OPI Admissions Eligibility

Classroom Reading and Peer Learning

OPI analytic candidates learn within and across a cohort of peers. The academic year consists of three trimesters, meeting on Fridays from 12:15-5:15 pm from September to June. Our curriculum is organized across four years of coursework devoted to the following five areas:

  1. Theory
  2. Psychopathology
  3. Development
  4. Theory of Technique
  5. Continuous Case Conference

Didactics are designed to be an active, adult learning experience rooted in practical, accessible clinical experience. Candidates present their work in continuous case conferences, prioritizing collegial and respectful linkages to current course readings. After completion of the four-year didactic curriculum, candidates continue to attend continuous case conferences until graduation to share their developing work as an analyst-in-training with colleagues.

One's Own Psychoanalysis

The cornerstone of training is one's own psychoanalysis. OPI aims to allow each candidate to create an immersive experience that fosters an understanding of unconscious forces, emotional growth, and curiosity with their analyst. The experience of each candidate's analytic process provides an essential reference for integrating theory, method, and technique as a developing psychoanalyst. OPI deeply respects and prioritizes the confidentiality and added dynamics of each candidate's training analysis.

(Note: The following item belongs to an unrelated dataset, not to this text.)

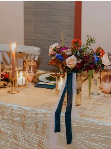 Gold styling and coordinating packages are our most popular choice averaging $5,000. This price varies depending on guest count and decor choices. This package offers lovely rental options and brings that dream wedding or event to fruition.
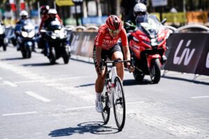 Verhulst está 30” por delante de sus rivales cuando entra en la última vuelta. Finalmente es atrapada a 2,3 km de distancia de la línea. Ellen van Dijk (Trek-Segafredo) se pone al frente, pero el Team DSM y el Jumbo-Visma pasan por delante de ella para establecer un magnífico sprint entre el icono Vos y la estrella en ascenso Wiebes, que por poco se lleva el primer Maillot Jaune.

Please see our list of Training and Supervising Analysts. Candidates are encouraged to interview and consider different analysts for their training analyst.

OPI recommends that a training analysis, meeting four or five times per week, begin as soon as feasible after candidates are accepted into training. Training analyses are expected to have started before the candidate's first classes in the Fall of the first year of training.

Supervised Clinical Work

Clinical supervision provides a wonderful opportunity to deeply consider one's approach to developing as an analyst-in-training. Candidates are encouraged to have as many concurrent cases as possible and to work with three or more supervising analysts. 

Graduation requires supervised psychoanalytic treatment for at least three adults developing a clear psychoanalytic process. Training cases should provide a diverse and complementary opportunity to practice and learn psychoanalysis.